Carl, in a follow-up answer, you asked about the relative performance of these two alternatives:
z1 = dict(x.items() + y.items())
z2 = dict(x, **y)
On my machine, at least (a fairly ordinary x86_64 running Python 2.5.2), alternative z2
is not only shorter and simpler but also significantly faster. You can verify this for yourself using the timeit
module that comes with Python.
Example 1: identical dictionaries mapping 20 consecutive integers to themselves
% python -m timeit -s 'x=y=dict((i,i) for i in range(20))' 'z1=dict(x.items() + y.items())'
100000 loops, best of 3: 5.67 usec per loop
% python -m timeit -s 'x=y=dict((i,i) for i in range(20))' 'z2=dict(x, **y)'
100000 loops, best of 3: 1.53 usec per loop
z2
wins by a factor of 3.5 or so.

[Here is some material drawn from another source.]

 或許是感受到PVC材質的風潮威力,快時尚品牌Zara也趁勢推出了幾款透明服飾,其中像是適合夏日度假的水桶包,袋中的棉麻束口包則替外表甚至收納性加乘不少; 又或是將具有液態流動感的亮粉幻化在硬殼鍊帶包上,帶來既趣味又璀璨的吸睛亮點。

Different dictionaries seem to yield quite different results, but z2
always seems to come out ahead. (If you get inconsistent results for the same test, try passing in -r
with a number larger than the default 3.)

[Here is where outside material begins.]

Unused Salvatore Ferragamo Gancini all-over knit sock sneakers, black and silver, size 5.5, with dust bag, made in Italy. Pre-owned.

Example 2: non-overlapping dictionaries mapping 252 short strings to integers and vice versa
% python -m timeit -s 'from htmlentitydefs import codepoint2name as x, name2codepoint as y' 'z1=dict(x.items() + y.items())'
1000 loops, best of 3: 260 usec per loop
% python -m timeit -s 'from htmlentitydefs import codepoint2name as x, name2codepoint as y' 'z2=dict(x, **y)'
10000 loops, best of 3: 26.9 usec per loop
z2
wins by about a factor of 10. That's a pretty big win in my book!
After comparing those two, I wondered if z1
's poor performance could be attributed to the overhead of constructing the two item lists, which in turn led me to wonder if this variation might work better:
from itertools import chain
z3 = dict(chain(x.iteritems(), y.iteritems()))
A few quick tests, e.g.
% python -m timeit -s 'from itertools import chain; from htmlentitydefs import codepoint2name as x, name2codepoint as y' 'z3=dict(chain(x.iteritems(), y.iteritems()))'
10000 loops, best of 3: 66 usec per loop
lead me to conclude that z3
is somewhat faster than z1
, but not nearly as fast as z2
. Definitely not worth all the extra typing.
This discussion is still missing something important, which is a performance comparison of these alternatives with the "obvious" way of merging two lists: using the update
method. To try to keep things on an equal footing with the expressions, none of which modify x or y, I'm going to make a copy of x instead of modifying it in-place, as follows:
z0 = dict(x)
z0.update(y)
A typical result:
% python -m timeit -s 'from htmlentitydefs import codepoint2name as x, name2codepoint as y' 'z0=dict(x); z0.update(y)'
10000 loops, best of 3: 26.9 usec per loop
In other words, z0
and z2
seem to have essentially identical performance. Do you think this might be a coincidence? I don't....
In fact, I'd go so far as to claim that it's impossible for pure Python code to do any better than this. And if you can do significantly better in a C extension module, I imagine the Python folks might well be interested in incorporating your code (or a variation on your approach) into the Python core. Python uses dict
in lots of places; optimizing its operations is a big deal.
[UPDATE: You could also write this as
z0 = x.copy()
z0.update(y)
as Tony does, but (not surprisingly) the difference in notation turns out not to have any measurable effect on performance. Use whichever looks right to you. Of course, he's absolutely correct to point out that the two-statement version is much easier to understand.]